Supplied data START

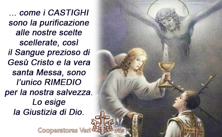 Ecco perchè l’aver ridotto la Messa, oggi, ad una cena conviviale, ad un raduno di fedeli esibizionisti e a celebranti pagliacci e ballerini, ha finito per stravolgere anche il senso del peccato, dell’espiazione, del sacrificio, del vero “castigo”, ossia di questa PURIFICAZIONE a noi necessaria. La vera Misericordia di Dio, infatti, parte proprio da quel provvidenziale “trarre un bene dal male”, ma non certo di trasformare un bene in male, o viceversa come dice Isaia al cap. 5 un male farlo diventare un bene! La teologia luterana di cui oggi la pastorale della chiesa è infetta, è proprio questo ribaltamento.
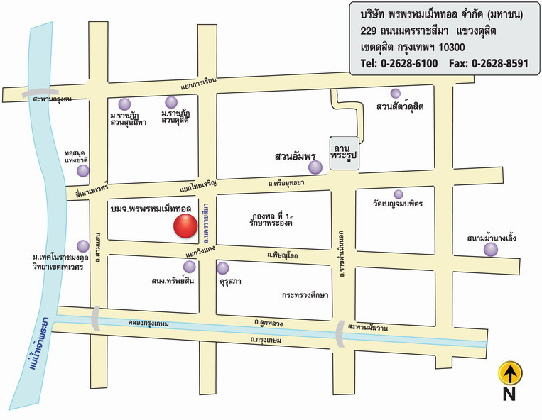 บริษัท พรพรหมเม็ททอล จำกัด (มหาชน) อาคารพรพรหม 229 ถนนนครราชสีมา แขวงดุสิต เขตดุสิต กรุงเทพฯ 10300
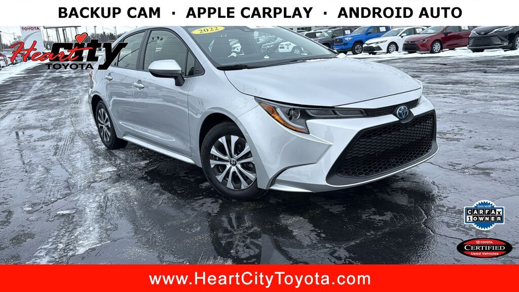 Toyota certified car for sale in Elkhart, IN. Heart City Toyota presents this certified 2022 Toyota Corolla for sale with the following factory-installed packages, including::, and All-weather Floor Liner Package (tms) (MSRP $249.00), which increased the original MSRP value by $249.00 for this certified 2022 Toyota Corolla Hybrid LE.
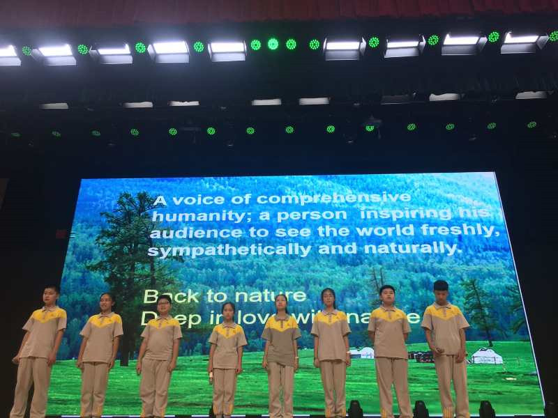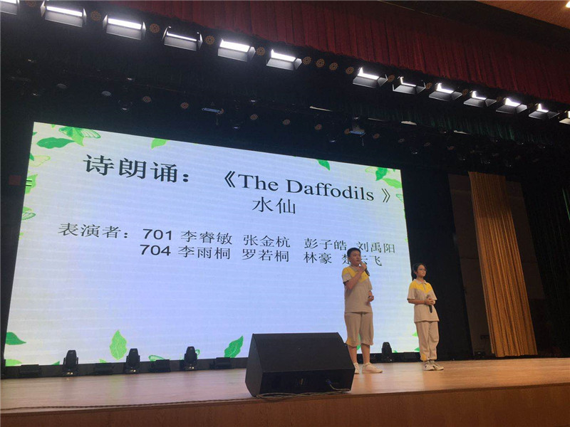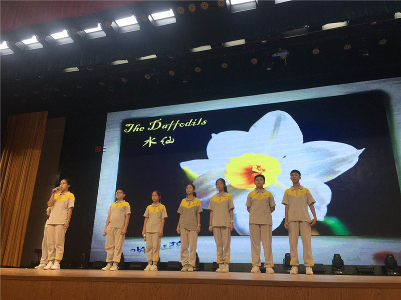 最后,英语诗歌朗诵《The Daffodils 》闪亮登场,八个学生以优美动听的英文朗读给我们带来了视听的享受,美仑美奂的背景音乐让大家陶醉其中。
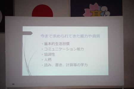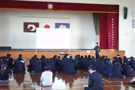 上級学校進学を希望する生徒を対象とし、起業家教育等、地域を愛し未来を切り拓くリーダー育成を目指す「グローカル文理コース」の説明がされました。
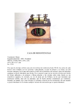 Una caja de este tipo contiene una serie de bobinas de resistencias hasta 100 Ω. Los cabos de cada
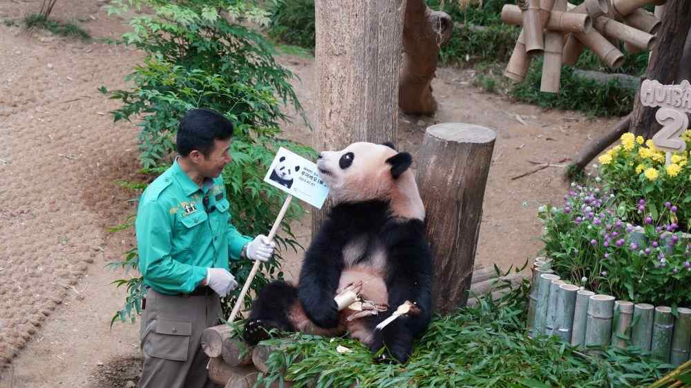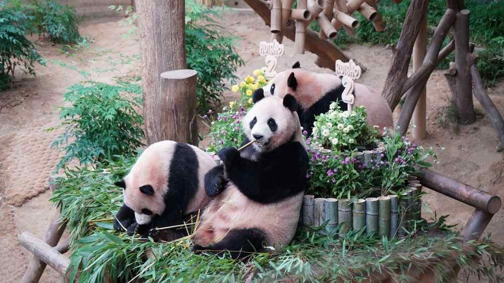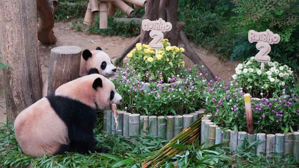 韩国爱宝乐园大熊猫“睿宝”“辉宝”庆生
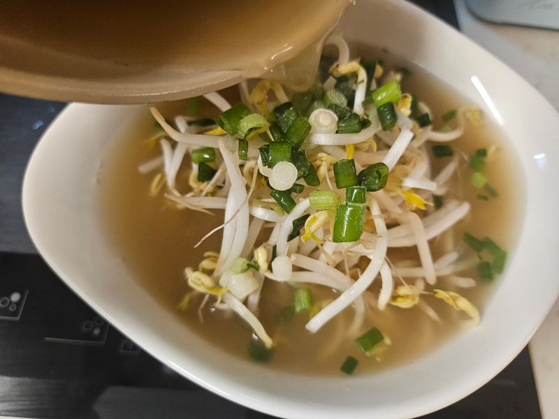 6. 4의 그릇에 담아놓은 면 위에 숙주, 쪽파를 올린 후 팔팔 끓인 육수를 부어 쌀국수 완성!

Supplied data END

Pictures are to be omitted; otherwise, every line from the first line of the listing through the line containing "บริษัท พรพรหมเม็ททอล จำกัด" must be reproduced exactly, both ends included.

Exercise solution —
 Ecco perchè l’aver ridotto la Messa, oggi, ad una cena conviviale, ad un raduno di fedeli esibizionisti e a celebranti pagliacci e ballerini, ha finito per stravolgere anche il senso del peccato, dell’espiazione, del sacrificio, del vero “castigo”, ossia di questa PURIFICAZIONE a noi necessaria. La vera Misericordia di Dio, infatti, parte proprio da quel provvidenziale “trarre un bene dal male”, ma non certo di trasformare un bene in male, o viceversa come dice Isaia al cap. 5 un male farlo diventare un bene! La teologia luterana di cui oggi la pastorale della chiesa è infetta, è proprio questo ribaltamento.
 บริษัท พรพรหมเม็ททอล จำกัด (มหาชน) อาคารพรพรหม 229 ถนนนครราชสีมา แขวงดุสิต เขตดุสิต กรุงเทพฯ 10300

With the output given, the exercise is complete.